(GIVEN ENTRIES begins)

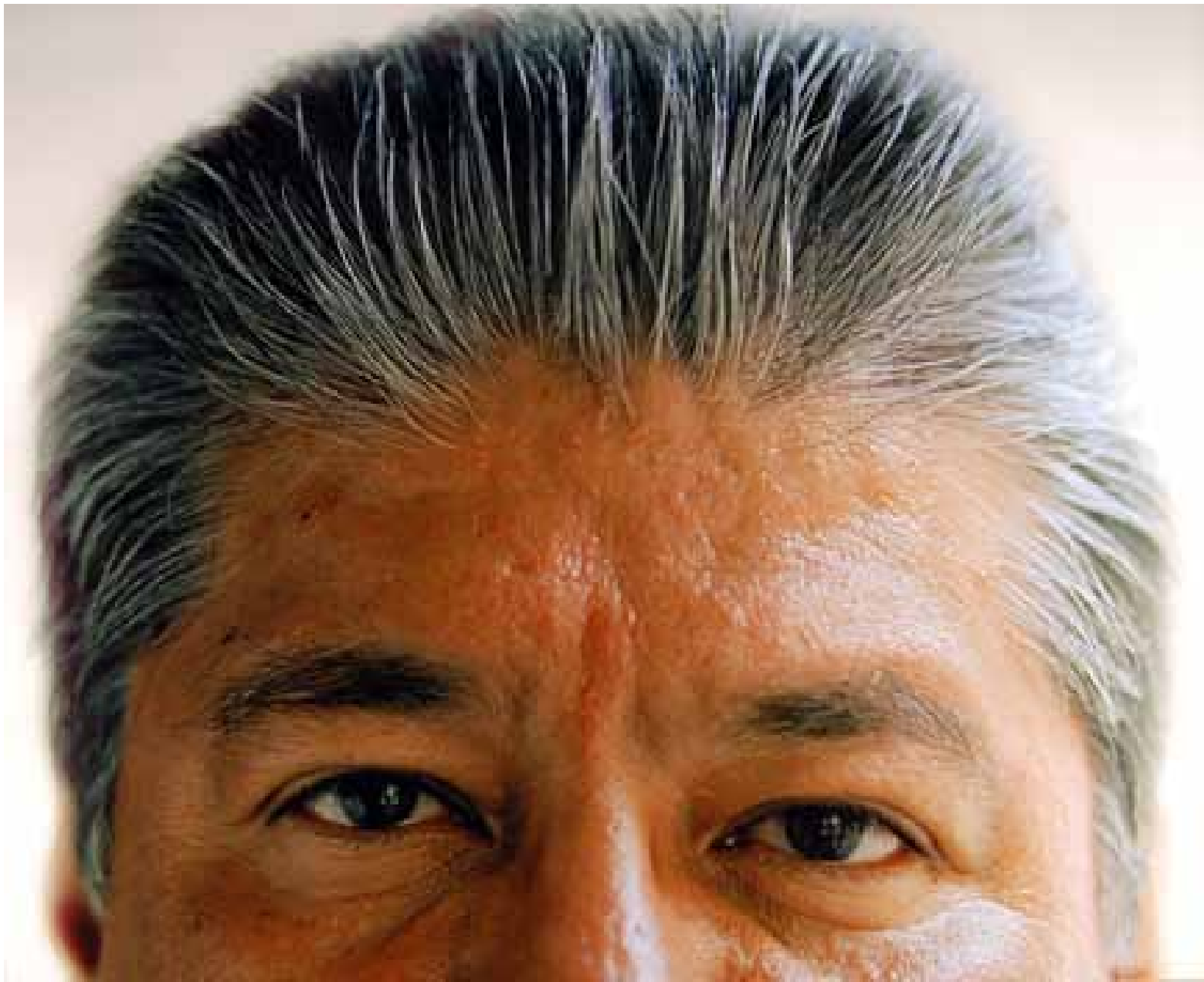
Juan Pacheco Untitled, from the "De Colores" series, 2007
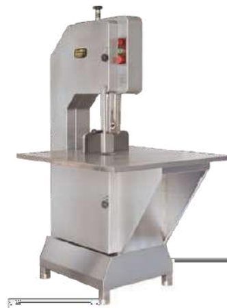
CODE: CT/168 BONE SAW 30MM + STAND

Model: JG210 Power: 1300W Voltage: 380V Thickness: 30~250mm Sawing Speed: 15m/s Size: (712x780x1689)mm
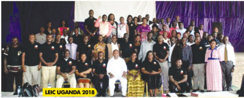
LEIC UGANDA 2018
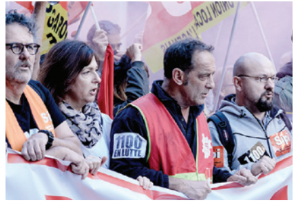
Saturday 17th – 15.30 Monday 19th – 20.20 Director: Stéphane Brizé 113 mins • France • 2018 • Subtitled • Digital Official Competition Selection, Cannes Film Festival 2018

Winner Best Actor, Berlin International Film Festival 2018
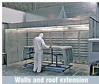
Walls and roof extension
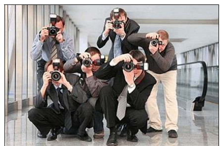
Group photo will be December 18, 2012

They pulled into a local restaurant, and she ran to the lavatory to text Candy and followed up with a call. No answer from the call. and unknown to her was the receipt of the text. But, she had delivered proof of attempt to communicate, and could rest easier.
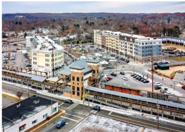
Wyandanch Rising, a suburban Long Island renewal project in Babylon, N.Y., reversed decades of neglect with new transportation, housing and greenery.

A similar story is in Wyandanch, a hamlet in the Suffolk County town of Babylon. In the post-World War II period, when Levittown was being built, Wyandanch was one of the places where developers built similar houses for Black Americans. Black G.I.s were able to buy houses there, but the property didn't appreciate over time. And other kinds of investments weren't made in the community for decades. Over 20 years, with the support of the town and, now, county, and with Long Island Rail Road rebuilding a station and putting in a parking structure, the area is rebounding. Water and sewer infrastructure, which had never made it to this community since the 1940s, was extended, and mixed-use buildings were built on the many surface parking lots. They also added a lovely little plaza and park in the center that has a seasonal ice-skating rink.
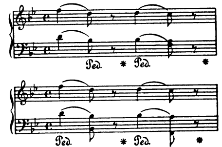
(Here the left hand shifts.)

Example: (Nr. 1 without the soft pedal, Nr. 2 with it.)
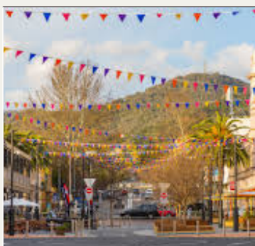
Explore Peel Street
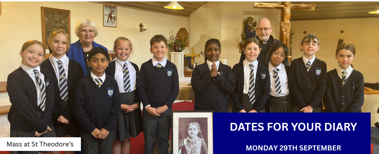
Mass at St Theodore's

'Achieving our best by learning together and serving one another with Christ by our side'
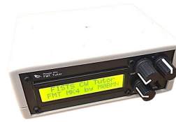
FMT MK4SMD Feature Rich CW Trainer
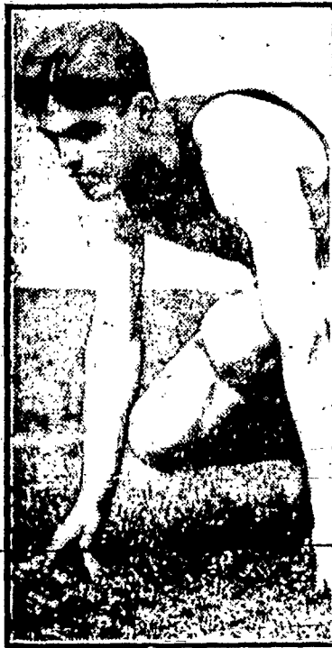
TED MEREDITH.

Our Athletes in Sweden. Officials of the A. A. U. expressed great gratification over the outcome of athletic contests in Sweden...
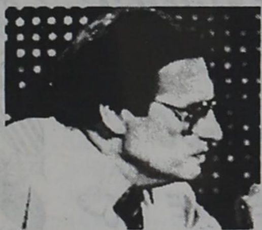
LARRY KING interviews top newsmakers every weeknight on CNN.

S & M Supply - Reynolds Manufacturing 105 East Eighth Cisco, Texas 76437
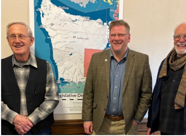
Congratulations to Senator Chapman for being appointed chair of Natural Resources Committee!
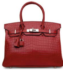
--3897 A MATTE ROUGE H NILOTICUS CROCODILE BIRKIN 30 WITH PALLADIUM HARDWARE

GRADE 2 HK$220,000-300,000 US$29,000-39,000
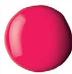
987 FLUORESCENT PINK S2 □ ☀
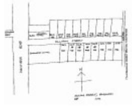
Ellison St 08
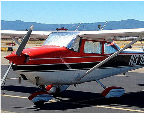
Cessna 172 Cabin HeatShields
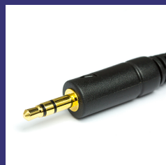
3.5mm for laptop & mobile
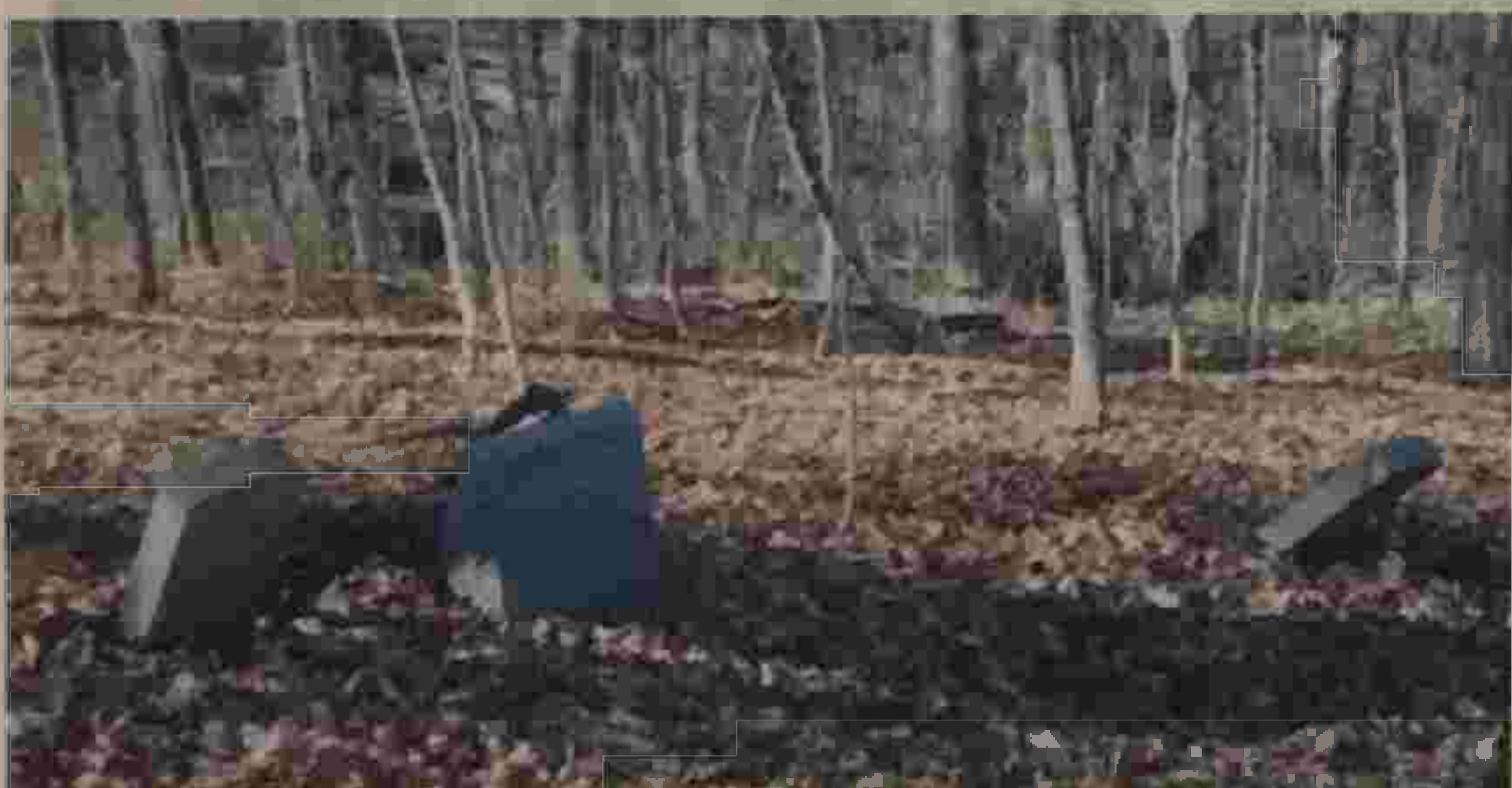
Graves of Union veterans (extreme left and right) at Mount Pleasant African Baptist Church Cemetery in Wildwood, MO.
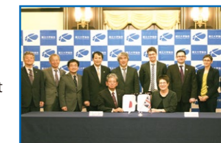
MOU on Exchange signed with Universities UK (UUK)
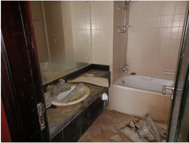
Apt 116 Water stain on the mirror, Wash basin & Counter

(GIVEN ENTRIES ends)

REQUIREMENT:
Would you please transcribe the listing in full, exactly, while omitting the images?

EXERCISE OUTPUT:
Juan Pacheco Untitled, from the "De Colores" series, 2007
CODE: CT/168 BONE SAW 30MM + STAND

Model: JG210 Power: 1300W Voltage: 380V Thickness: 30~250mm Sawing Speed: 15m/s Size: (712x780x1689)mm
LEIC UGANDA 2018
Saturday 17th – 15.30 Monday 19th – 20.20 Director: Stéphane Brizé 113 mins • France • 2018 • Subtitled • Digital Official Competition Selection, Cannes Film Festival 2018

Winner Best Actor, Berlin International Film Festival 2018
Walls and roof extension
Group photo will be December 18, 2012

They pulled into a local restaurant, and she ran to the lavatory to text Candy and followed up with a call. No answer from the call. and unknown to her was the receipt of the text. But, she had delivered proof of attempt to communicate, and could rest easier.
Wyandanch Rising, a suburban Long Island renewal project in Babylon, N.Y., reversed decades of neglect with new transportation, housing and greenery.

A similar story is in Wyandanch, a hamlet in the Suffolk County town of Babylon. In the post-World War II period, when Levittown was being built, Wyandanch was one of the places where developers built similar houses for Black Americans. Black G.I.s were able to buy houses there, but the property didn't appreciate over time. And other kinds of investments weren't made in the community for decades. Over 20 years, with the support of the town and, now, county, and with Long Island Rail Road rebuilding a station and putting in a parking structure, the area is rebounding. Water and sewer infrastructure, which had never made it to this community since the 1940s, was extended, and mixed-use buildings were built on the many surface parking lots. They also added a lovely little plaza and park in the center that has a seasonal ice-skating rink.
(Here the left hand shifts.)

Example: (Nr. 1 without the soft pedal, Nr. 2 with it.)
Explore Peel Street
Mass at St Theodore's

'Achieving our best by learning together and serving one another with Christ by our side'
FMT MK4SMD Feature Rich CW Trainer
TED MEREDITH.

Our Athletes in Sweden. Officials of the A. A. U. expressed great gratification over the outcome of athletic contests in Sweden...
LARRY KING interviews top newsmakers every weeknight on CNN.

S & M Supply - Reynolds Manufacturing 105 East Eighth Cisco, Texas 76437
Congratulations to Senator Chapman for being appointed chair of Natural Resources Committee!
--3897 A MATTE ROUGE H NILOTICUS CROCODILE BIRKIN 30 WITH PALLADIUM HARDWARE

GRADE 2 HK$220,000-300,000 US$29,000-39,000
987 FLUORESCENT PINK S2 □ ☀
Ellison St 08
Cessna 172 Cabin HeatShields
3.5mm for laptop & mobile
Graves of Union veterans (extreme left and right) at Mount Pleasant African Baptist Church Cemetery in Wildwood, MO.
MOU on Exchange signed with Universities UK (UUK)
Apt 116 Water stain on the mirror, Wash basin & Counter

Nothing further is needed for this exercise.